Manevî dinamikler ve müfredattaki 28 Şubat etkisi

Türkiye Yüzyılı müfredatı, fen bilimleri alanında milletimizin manevî dinamiklerine mesafeli. Ateist kesimin şiddetli itirazlarına rağmen onların dünya görüşüne uygun hazırlanmış. Azınlığın dünya görüşü, Müslüman çoğunluğu dayatılıyor.

Milli Eğitim Bakanlığı'nın hazırladığı ve 1986-1997 yıllarında okuttuğu BİYOLOJİ kitabı, yaratılış görüşünü esas alır; evrim teorisi bilimsel değil ve ispatlanamaz, der.

Prof. Turan Güven başkanlığındaki heyetin hazırladığı kitap şu gerçeğin altını çizer:

"Kâinatın yaratılışı gözlemlenemez, yaratılış tekrarlanamaz, laboratuvarlarda cansız elementler canlandırılamadı. Bu sebeple evrim teorisi bilimsel değildir.

İslam'a inancına göre kâinattaki bütün varlıklar ALLAH tarafından yaratılmıştır. Yaratma olayı bir anda olabileceği gibi belli kanunlar doğrultusunda yavaş yavaş da olabilir. Mesela toplu iğne başı büyüklüğündeki bir insan zigotundan fetüsün teşekkül etmesi ve bunun da akıl almaz şekilde düzenli farklılaşmalar geçirdikten sonra çocuk olarak doğması, yaratma olayına güzel bir misaldir." (Biyoloji, s.67)

MEB'in biyoloji kitabı 1997'de 28 ŞUBAT CUNTASI yönetime el koyana kadar okutulmuş. Cuntacılar, halkın seçtiği iktidarı tehditlerle indirdikleri gibi İslam inancına uygun yazılan ders kitabını da kaldırtmışlar.

Ortaöğretim Programları Ortak Metni milli ve manevi değerlere bağlı, medeniyet kuran ve geliştiren nesiller yetiştirme hedefi koyuyor. Fen bilimleri müfredatı evrimci ve ateist dünya görüşüne göre yazılıyor.

Sosyal bilgiler müfredatında deniyor ki:

"Bu görsellerden hangilerinin doğada kendiliğinden var olan varlıklar olduğunu belirlemeleri istenir." (s.20)

Varlıkların kendiliğinden var olduğu düşüncesi evrimci bakış açısıdır. Allah'ı inkâr edenler böyle söyler.
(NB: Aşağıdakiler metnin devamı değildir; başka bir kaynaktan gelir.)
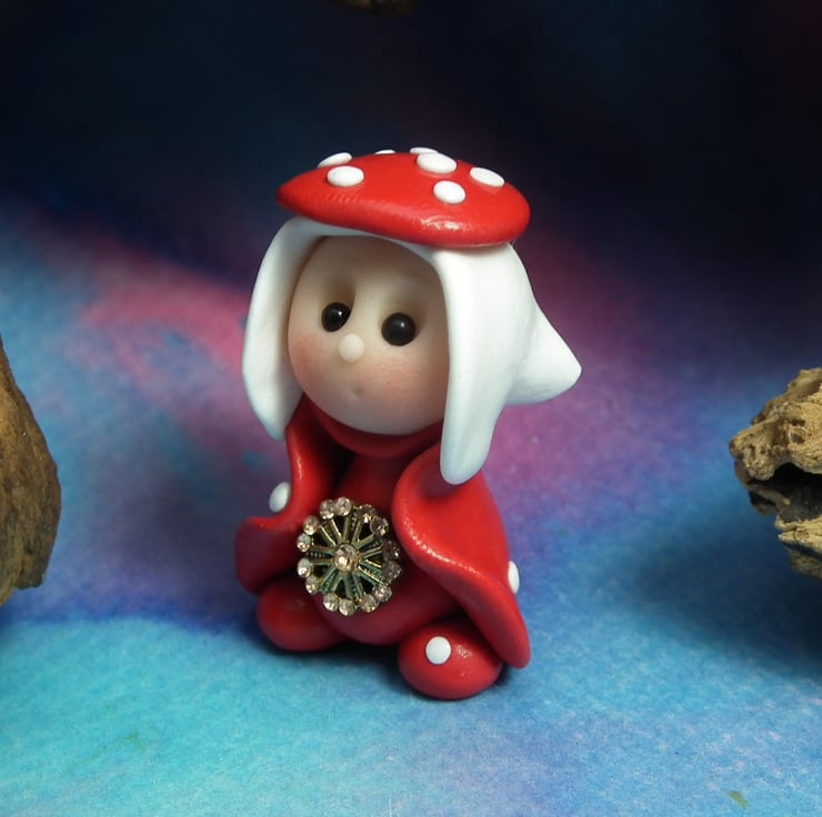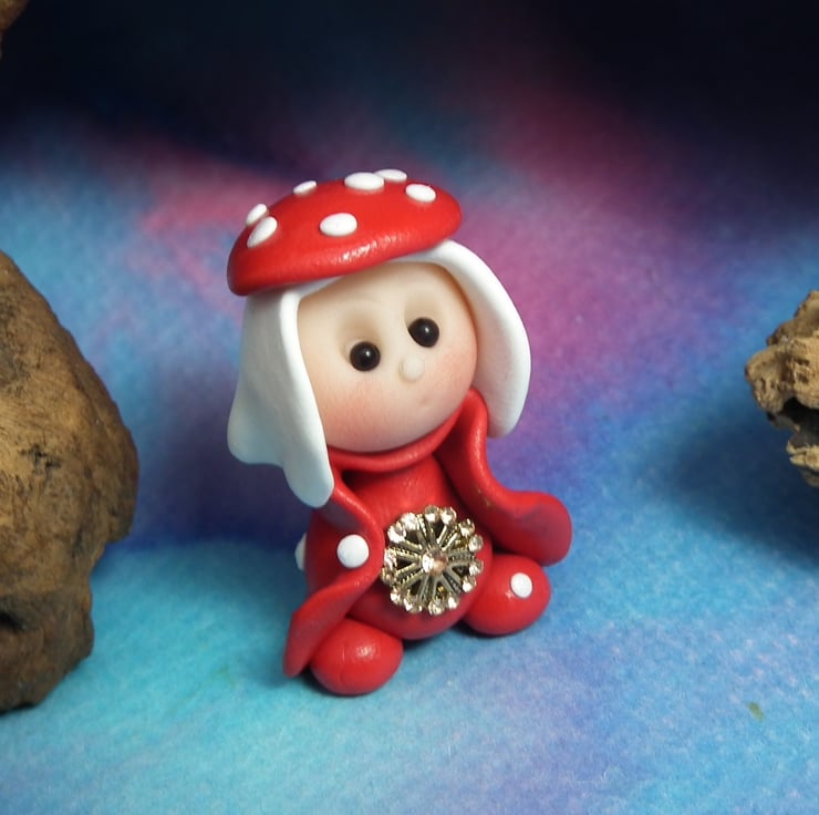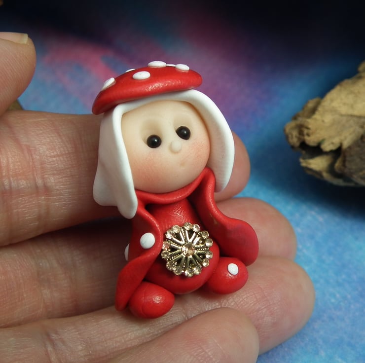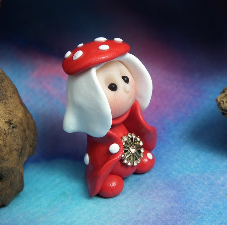 This is a 'one of a kind' creation having been entirely handmade without the use of moulds here at my studio on the Sussex Coast. Modelled with Prosculpt polymers, painted with heat set paints before sealing with lacquer, Sadie has sparkling black onyx eyes. Sadie the Toadstool Gnome is just one and a half inches tall.

Fen bilimleri, sosyal bilgiler, hayat bilgisi, fizik, kimya, biyoloji, astronomi, coğrafya müfredatlarında Allah, yaratıcı, Tanrı, Hüda kelimeleri geçmiyor; seküler, materyalist, pozitivist dil kullanılıyor.

Hafta sonu "Osmanlı Yönetim Sistemi" sempozyumunda iki önemli tebliği dinledim. Prof. Haşim Şahin ve Prof. Nurettin Gemici, Osmanlı Devleti'ni kuran Kayı aşireti önderlerinin bağlı oldukları manevî dinamikleri anlattılar.

Şeyh Edebali, o zaman bölgede yaygın bulunan Vefaiyye tarikatının güçlü bir temsilcisi. Türbesi Nevşehir'de bulunan Hacı Bektaş Veli ile aynı manevî kaynaktan beslenir.

Hacı Bektaş Velî gibi Şeyh Edebali de seyit ve mutasavvıf. Hacı Bektaş, Anadolu'daki Abdalan-ı Rum denilen veliler silsilesinin başı, Şeyh Edebali de Kayı aşireti içindeki din adamlarının şeyhi ve rehberi.

Osman Gazi, seyit ve mutasavvıf Şeyh Edebali'nin kızı ile evlenerek Osmanlı soyunun seyitler soyuyla akraba yapmış ve Şeyh Edebali'nin manevî desteği ile aşiretini devlete yükseltme gayreti gütmüştür.

Hacı Bektaş Velî, Anadolu'da dinî, ekonomik, askerî ve sosyal bir teşkilat olan Ahilik cemiyetinin kurucusudur. Bu ekol, Anadolu'nun İslamlaşmasına, güzel ahlak ve erdemlerin toplum içinde yerleşmesine önemli rol oynamış ve büyük hizmetler yapmıştır.